Только сейчас Валентин почувствовал, что левая щека у него покрыта чем-то липким. Он провел ладонью по щеке, на ней осталась кровь. Ощупывая пальцами лицо, Валя обнаружил опухшую левую бровь, с которой по обеим, сторонам от глаза вниз текла кровь.
– Не знаю пока, кажется, бровь разбил, – ответил Валя, пытаясь вспомнить, когда это произошло.
– Потом посмотрим, – через плечо бросил ему друг.
– Молодцы! – услышал Валентин голос старшины. – Справа по одному в расположение бегом марш, – скомандовал он.
Валя пошел обратно в школу прапорщиков сдавать рацию.
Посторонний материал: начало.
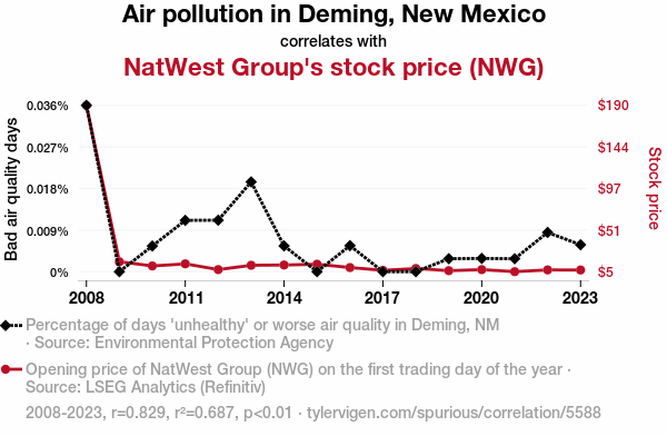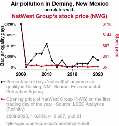 A linear line chart with years as the X-axis and two variables on the Y-axis. The first variable is Air pollution in Deming, New Mexico and the second variable is NatWest Group's stock price (NWG).  The chart goes from 2008 to 2023, and the two variables track closely in value over that time. Small Image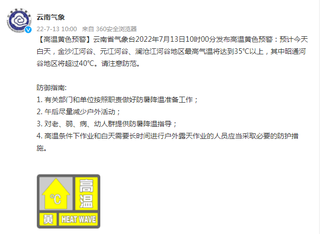 未来几天,晴热高温天气依旧持续,金沙江河谷、元江河谷、澜沧江河谷局地持续35℃以上高温,昭通河谷地区将超过40℃,防暑降温是关键。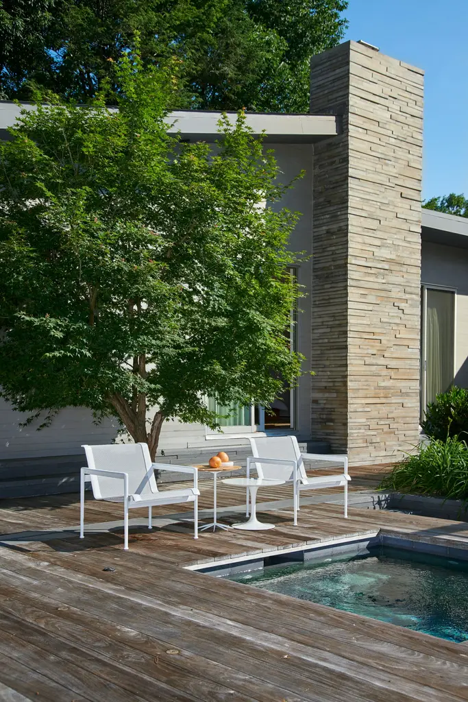 Designed in 1966, Richard Schultz’s outdoor collection is regarded as the first modern outdoor furniture and has been the category standard ever since. The aluminum frame is resilient to weather, while the mesh seat permits airflow to keep you cool.In the late 1950s, Richard Schultz received an envelope filled with rusted bolts from Florence Knoll, who was spending time at her Florida home. She tasked Schultz with the job of designing elegant outdoor furniture that could withstand corrosive sea air, season after season. Introduced in March 1966, the Leisure Collection, now called the 1966 Collection, was described by Schultz as “a breath of fresh air” for modernists. “Outdoor chairs should be enhanced by the elements,” he said. “Wind, sun, and rain should pass freely through, and they should breathe.” And breathe they do, all these years later.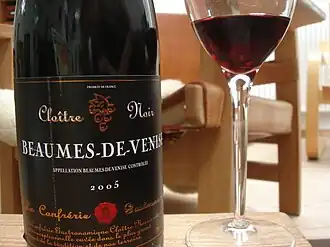 The vines are grown on the slopes around the foot of the Dentelles de Montmirail, a vertical comb of rock jutting out of the plain between the Rhône river and the Luberon-Ventoux mountains.[1] Beaumes is famed for its natural fortified wine made from the Muscat grape, and records of its use go back almost two millennia. More recently it is also the producer of a high quality red wine. In 1943 the natural Sweet Beaumes de Venise Muscat was accorded its appellation d'origine contrôlée (AOC), to be followed in 1956 by an AOC for its Côtes du Rhône. The red, white and rosé wines were elevated to the appellation of Côtes-du-Rhône Villages AOC (named villages) in 1978, and in 2005 the greatest honor of all was bestowed on the region when Beaumes de Venise rouge and the sweet fortified wine Muscat de Beaumes de Venise became a cru - the highest order of the wines in the Rhône Valley. Today, over 100 producers including fifteen domaines and a cooperative winery combine their efforts to maintain the highest standards and the centuries-old reputation of the town and its wines.[2]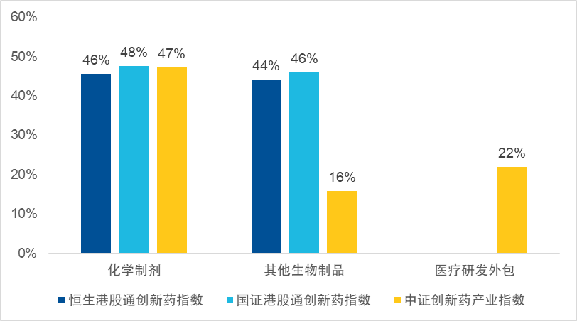 行业分布:中证创新药相比港股通指数多覆盖了CXO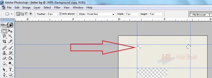 ধাপ-৮ এখন আপনার Rectangle এর উপর দিকে দুটি ছিদ্র তৈরি করুন। ছিদ্র করার জন্য Elliptical marquee tool select করুন অথবা keyboard থেকে M চাপুন। সেট করুন এবং Width 7 pixels এবং Height 7 pixels সেট করুন। অথবা (আপনার ইচ্ছা অনুযায়ী) এবং পরে তা মুছে ফেলুন।

Правая нога в щиколотке при каждом шаге отдавала острой болью. «Как теперь бег сдавать, – грустно думал Валентин. – Была бы заморозка, которой командный врач замораживал ушибы и вывихи, полученные в хоккее, можно было попробовать добежать, а так, скорее всего, вариантов нет».
Проходя мимо спортзала, Валя обнаружил, что после падения он по инерции проехал по льду около семи – восьми метров, изрядно поцарапав его бляхой ремня и автоматом. «Со стороны, наверное, феерично смотрелся мой полет», – улыбнувшись, подумал он.
– Нормально ты приложился, – будто прочитав его мысли, смехом встретил Валентина куривший на крыльце прапорщик. – Я думал, ты вообще не встанешь. А ты молодец, ковыляешь еще. С мордой-то что? – спросил он, когда Валя поднялся на крыльцо под свет фонаря.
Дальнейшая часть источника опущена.